Compilation album by Elbow
- Released: 27 August 2012
- Recorded: 1997–2012
- Genre: Alternative rock, indie rock
- Length: 51:33
- Label: Fiction, Polydor
- Producer: Ben Hillier, Craig Potter, Elbow

Elbow chronology
| Build a Rocket Boys! (2011) | Dead in the Boot (2012) | The Take Off and Landing of Everything (2014) |

= Dead in the Boot =

Dead in the Boot is a B-sides compilation album by English rock band Elbow, released in the UK on 27 August 2012. The title is a reference to the band's debut album Asleep in the Back and was suggested by singer Guy Garvey's sister Beckie.

==Reception==

The reviews for the album were mostly positive, with many reviewers commenting on the overall downbeat nature of the songs.
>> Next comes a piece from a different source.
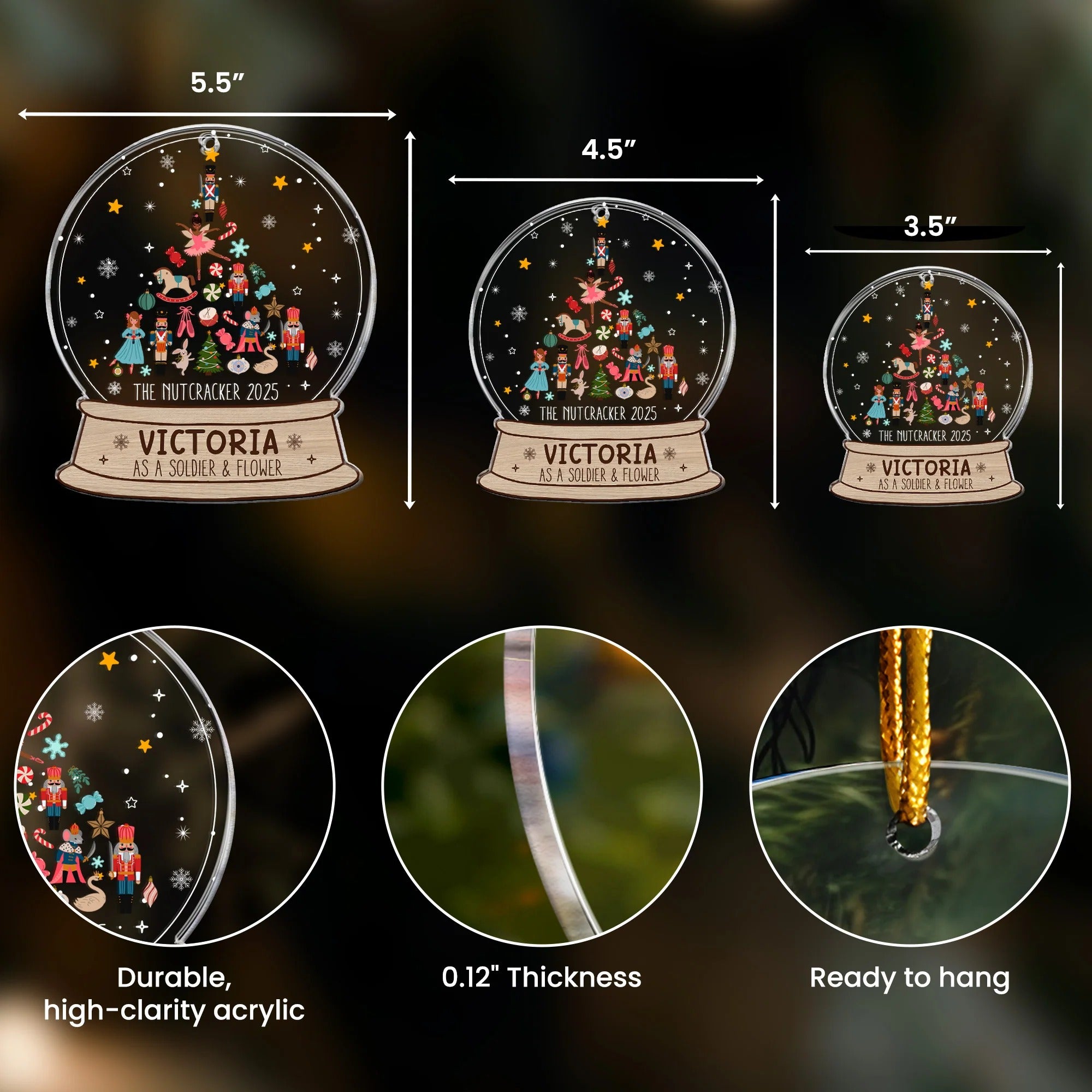 Nutcracker Christmas Snow Globe Ornament - Gifts For Kids (Up To 8 Roles) - Personalized Acrylic Ornament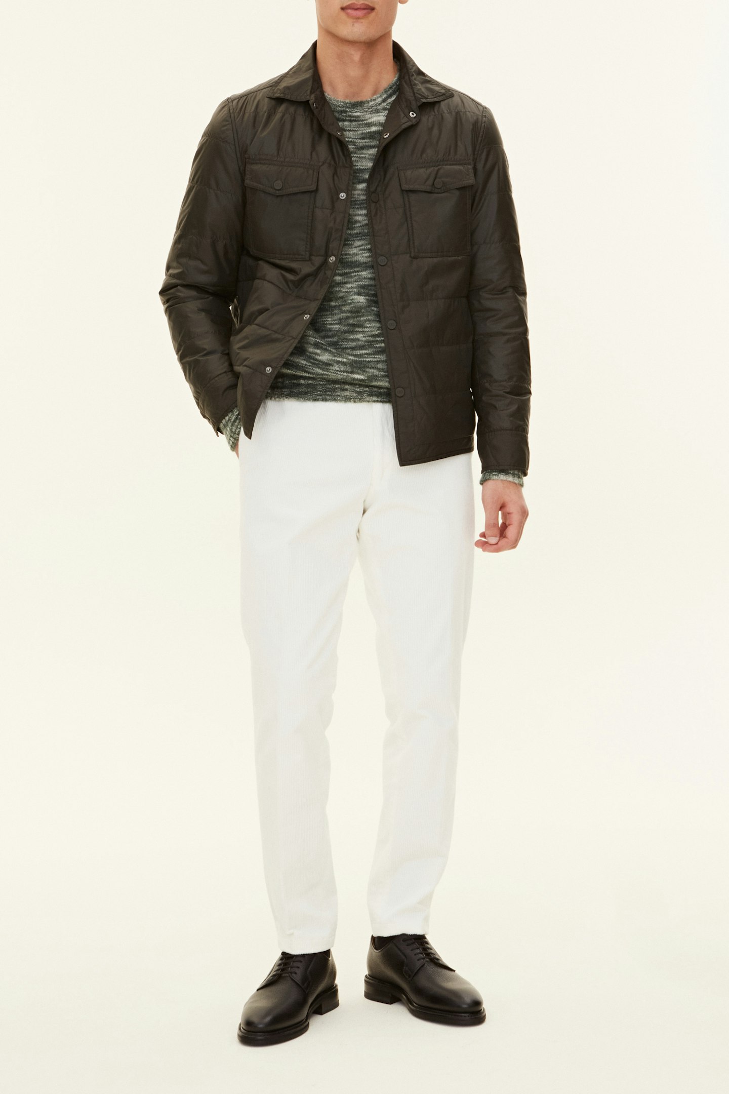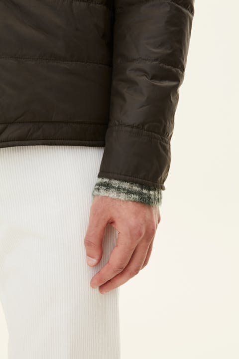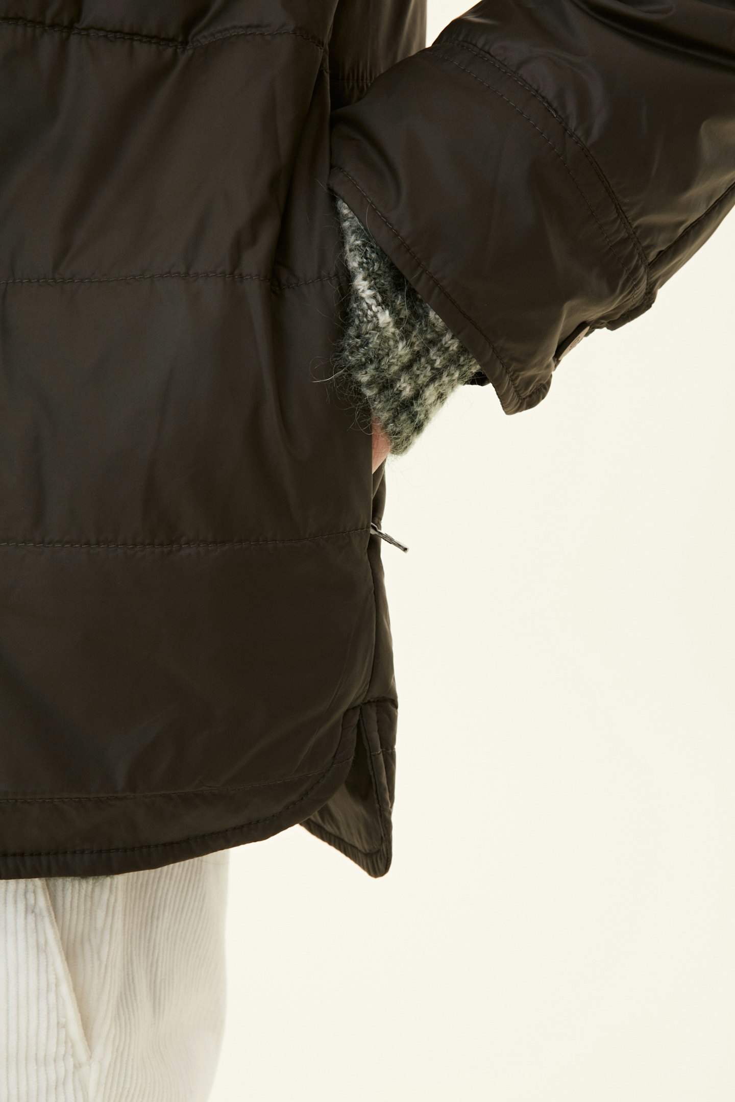 Vår Padded Shirt Jacket i Featherweight Nylon er et lett og allsidig plagg som både fungerer som ytterplagg eller lagerplagg til alt fra strikkede gensere til fine skjorter. Utover det vannavvisende og isolerende ytterstoffet er plagget fôret med en 60 grams plantebasert Sorona Padding for å effektivt holde deg varm i kaldere klima. Innsiden av parkasen har et slitesterkt ripstop-fôr med tre innerlommer. Jakken har også fleece-fôrede sidelommer for å holde hendene dine varme. Featherweight Nylon er vår vannavstøtende lettvektsmateriale utviklet for å holde varmen inne uten å ta for mye plass når man bruker jakken under andre plagg.

NME noted that "there is a strain of nocturnal lethargy that seems to run through Elbow's flipsides... it's odd that its somnolent air actually renders it slightly one-note... But there's nothing wrong with a gentle head massage after a hard night." The Daily Telegraph described the tracks as "mostly steady, lo-fi grooves, propelled by blue-collar bluesy riffs, detached electronic bleeps and mournful pianos", and stated that "in the best possible sense, these songs are come-downs, reflective descents from the band's often soaring, more melody-driven A-sides. They may have been left in the band's boot for a while, but there's nothing dead about them." Mojo called it "an accomplished compilation" and proclaimed that "Dead in the Boot is less throwaway than its name suggests."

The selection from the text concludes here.